» **RECORDED INFORMATION**
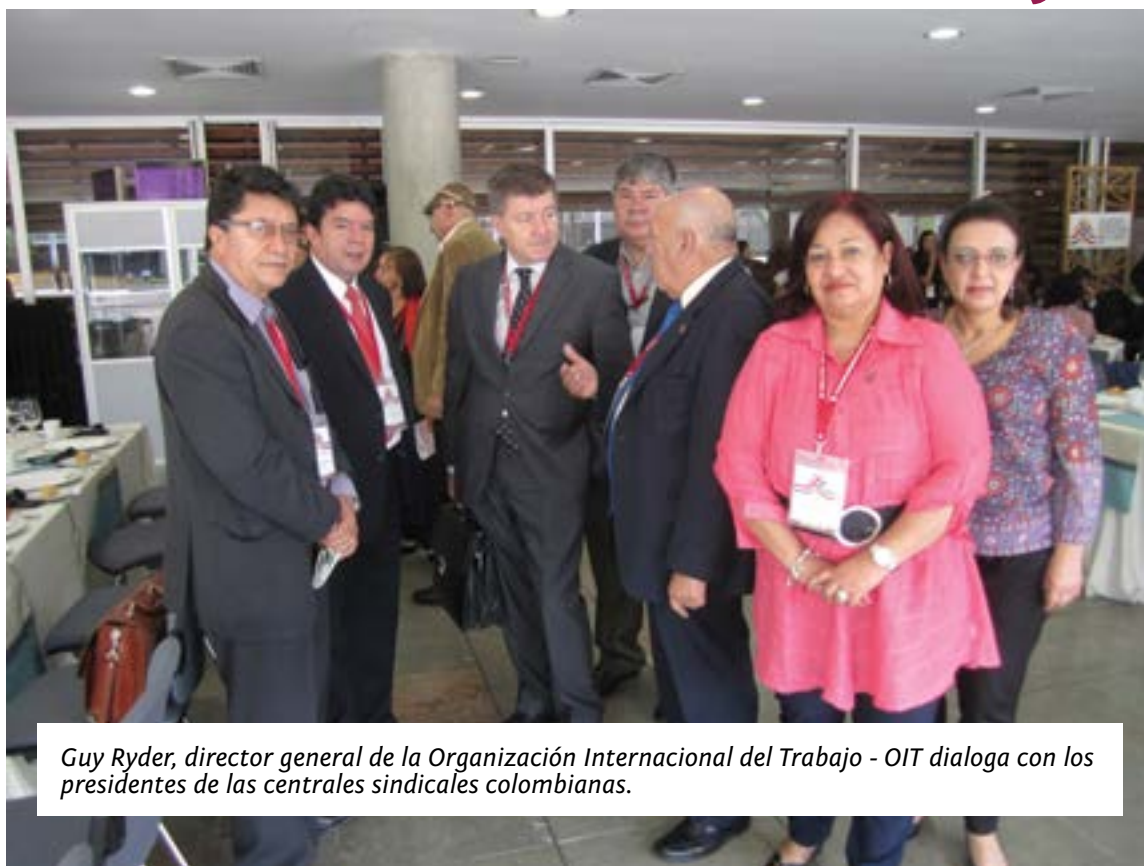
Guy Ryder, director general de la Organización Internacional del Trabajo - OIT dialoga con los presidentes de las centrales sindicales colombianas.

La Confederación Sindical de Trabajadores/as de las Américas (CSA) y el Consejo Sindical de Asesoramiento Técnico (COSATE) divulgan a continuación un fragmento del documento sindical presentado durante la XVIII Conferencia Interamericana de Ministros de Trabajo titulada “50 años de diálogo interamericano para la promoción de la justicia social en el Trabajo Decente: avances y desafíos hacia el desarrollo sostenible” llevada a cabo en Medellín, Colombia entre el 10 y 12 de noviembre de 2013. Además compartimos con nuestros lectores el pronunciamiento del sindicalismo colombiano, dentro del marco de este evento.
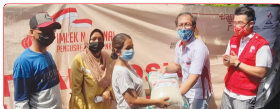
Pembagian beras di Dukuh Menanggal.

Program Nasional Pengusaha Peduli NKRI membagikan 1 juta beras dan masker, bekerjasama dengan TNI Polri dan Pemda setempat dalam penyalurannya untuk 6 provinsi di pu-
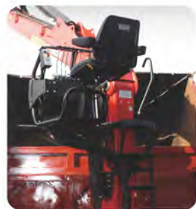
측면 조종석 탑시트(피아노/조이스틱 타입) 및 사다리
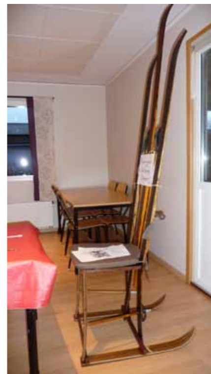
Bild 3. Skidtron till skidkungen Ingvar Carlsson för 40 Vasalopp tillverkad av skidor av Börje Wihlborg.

» **WHAT IS NEEDED**
Copy out the lines exactly as written, beginning with the one that contains "La Confederación Sindical" and ending with the last line of the material; do not include pictures.

» **RESPONSE TO THIS EXERCISE**
La Confederación Sindical de Trabajadores/as de las Américas (CSA) y el Consejo Sindical de Asesoramiento Técnico (COSATE) divulgan a continuación un fragmento del documento sindical presentado durante la XVIII Conferencia Interamericana de Ministros de Trabajo titulada “50 años de diálogo interamericano para la promoción de la justicia social en el Trabajo Decente: avances y desafíos hacia el desarrollo sostenible” llevada a cabo en Medellín, Colombia entre el 10 y 12 de noviembre de 2013. Además compartimos con nuestros lectores el pronunciamiento del sindicalismo colombiano, dentro del marco de este evento.
Pembagian beras di Dukuh Menanggal.

Program Nasional Pengusaha Peduli NKRI membagikan 1 juta beras dan masker, bekerjasama dengan TNI Polri dan Pemda setempat dalam penyalurannya untuk 6 provinsi di pu-
측면 조종석 탑시트(피아노/조이스틱 타입) 및 사다리
Bild 3. Skidtron till skidkungen Ingvar Carlsson för 40 Vasalopp tillverkad av skidor av Börje Wihlborg.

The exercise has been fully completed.